Sofia suggère que la maternité, loin d'être une expérience sublime, peut être vécue comme une forme de « barbarie », une expérience primitive et douloureuse mettant en lumière la condition humaine dans sa forme la plus élémentaire. Elle évoque la réalité de l'accouchement en dénonçant sa brutalité et en illustrant cette barbarie par le fait que « l’utérus doit s'ouvrir de dix, douze centimètres pour laisser passer la tête du bébé ». Elle démontre donc que l'accouchement est un acte qui a des conséquences physiques sérieuses sur le corps des femmes. De plus, le monologue révèle les aspects les plus perturbants et sombres de la maternité.

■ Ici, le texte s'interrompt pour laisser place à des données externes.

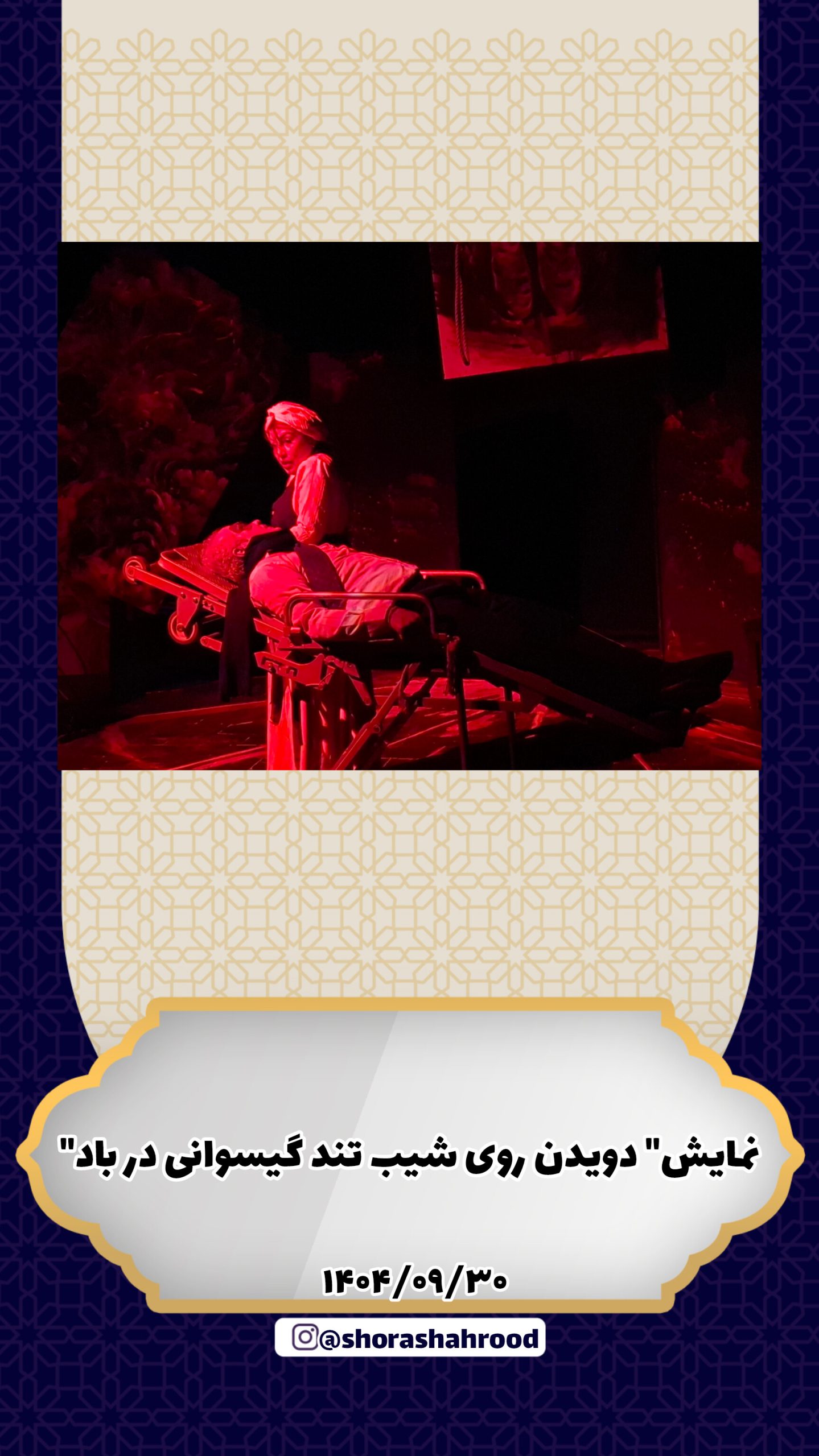 محمدرضا یونسیان رئیس شورای اسلامی شهر شاهرود نمایش “دویدن روی شیب تند گیسوانی در باد” را در تماشاخانه هفت رنگ اداره ارشاد به تماشا نشست 📆یک شنبه ۱۴۰۴/۰۹/۳۰ 🎙روابط عمومی…
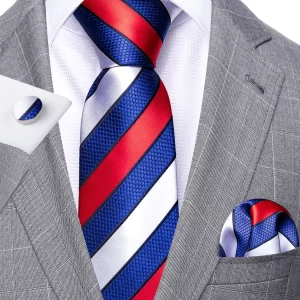 Royal Blue Stripe Silk Tie Set for Men – Necktie, Handkerchief & Cufflinks
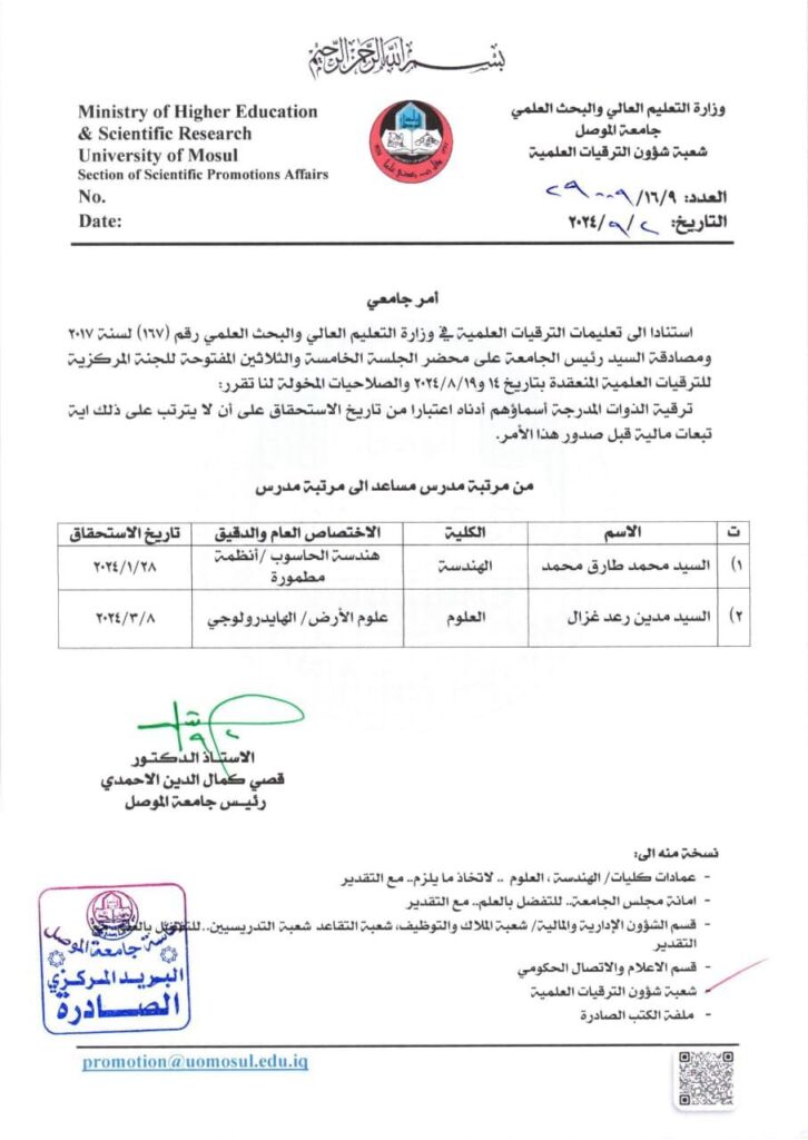 نظراً لقبول المدرس المساعد عمار شامل غانم التدريسي في قسم الهندسة الكهربائية في كليتنا والمكلف بمهام مسؤول شعبة شؤون الطلبة والتسجيل في الدراسات العليا للحصول على شهادة الدكتوراه، تقرر انهاء تكليفه لاتاحة الفرصة الكافية له للدراسة وتكليف الدكتور حسين محمود محمد التدريسي في قسم هندسة الحاسوب بمهام مسؤول شعبة شؤون الطلبة والتسجيل.
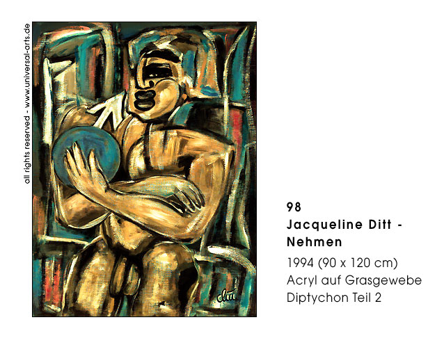 the clichés of our society which are strong desired by some people. - Exhibition 1995 - "Begehrlichkeiten" - 12 paintings by Jacqueline Ditt.
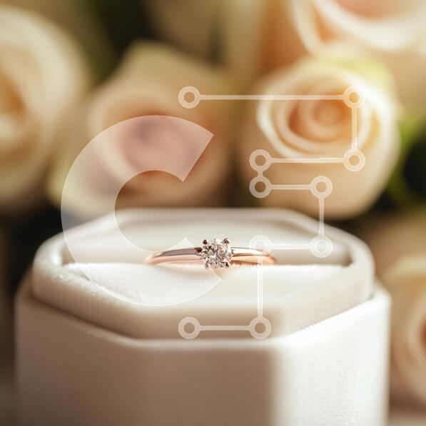 Intra Συλλεκτικό Ξύλινο Παζλ Plywood 4mm – Κομψό δαχτυλίδι αρραβώνων σε ροζ χρυσό σκηνικό με κρεμ τριαντάφυλλα Σε Ξύλινο Κουτί – Διαστάσεις: 10×10 cm – 25 κομμάτια
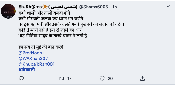 देश में श्रमिकों की खस्ता हालत को लेकर एक अन्य ट्विटर यूजर लिखते हैं, “कभी थाली और ताली बजवाओगे। कभी मोमबत्ती जलवाकर ध्यान भंग करोगे। पर इस महामारी और उसके चलते पनपी भुखमरी का जवाब कौन देगा। कोई तैयारी नहीं है इससे लड़ने की और...मीडिया साहब के तलवे चाटने में लगी है ।”
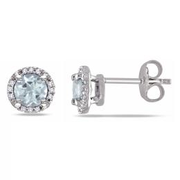10K Yellow Gold Blue Topaz & 0.07CTW Diamond Pendant with 17" Chain
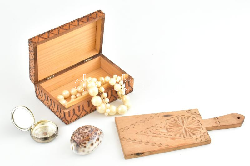 Vegyes bolha tétel, fadoboz, kagyló, gyöngy, vegyes állapot
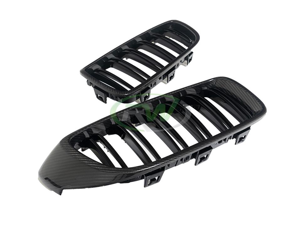 RW Carbon brings you another sweet carbon fiber offering for your F32, F33, F36, F80, F82, or F83. These carbon fiber grilles feature the desirable double slat design with the outer portion of the kidney grille being finished in genuine carbon fiber. Recently we have upgrade the way in which these carbon fiber grilles are crafted. The carbon fiber grilles feature a pre-preg outer carbon fiber ring that is installed on a base plastic grille. Manufacturing the grilles like this we were able to vastly improve the life of the grilles, as well as provide an improved visual appearance as the pre-preg carbon fiber have more of a carbon fiber “pop” to them. Our carbon fiber grilles feature 2×2 Carbon Fiber weave that will nicely match any other RW or OEM Carbon Fiber parts you have installed on the vehicle. Only use the best carbon fiber items on your BMW 4 series or M3/M4 and opt for the RW Carbon Carbon Fiber replacement grilles. NOTE: This item is sold in pairs.

En particulier, l'allaitement et donc le lait « qui sort du mamelon » est associé à celui d'une chèvre, et l'enfant est comparé à un Alien. Cette animalisation est également perpétrée par la société lorsque les femmes subissent par exemple des commentaires dégradants comme : « Elle a mis bas la dame ? ». Ainsi, la condition idéale de la maternité est en réalité annihilante et tragique. Ce rejet de l'image idéalisée de la maternité met en évidence l'effort de Sofia pour montrer la réalité crue de cette expérience.
Sofia critique la tendance de la société à idéaliser et romantiser la maternité, ignorant la réalité et les sacrifices que les femmes doivent affronter. En effet, elle pense que les femmes se soumettent à un lien avec un enfant qui les étouffe simplement pour répondre aux attentes de la société. Elle se base sur l'expérience de ses amies qui ont été contraintes par le fardeau de la maternité, l’une doit renoncer à jouer du piano, tandis que l'autre doit supporter d'être trompée. Sa référence à renoncer à jouer du piano suggère que la maternité peut limiter les opportunités et les intérêts des femmes, conduisant à une perte d'autonomie et d'accomplissement personnel. Ainsi, Sofia argue que les femmes doivent avoir le droit de poursuivre leurs talents et de jouir d'une pleine autonomie.
Sofia déchire le voile idéal entourant la condition maternelle en présentant les normes culturelles et de genre comme les racines du cycle tragique qui piège les femmes. Sa critique montre le besoin d'adopter une vision plus honnête et inclusive de la maternité, loin de la mystification et du romantisme qui ont historiquement défini la condition maternelle.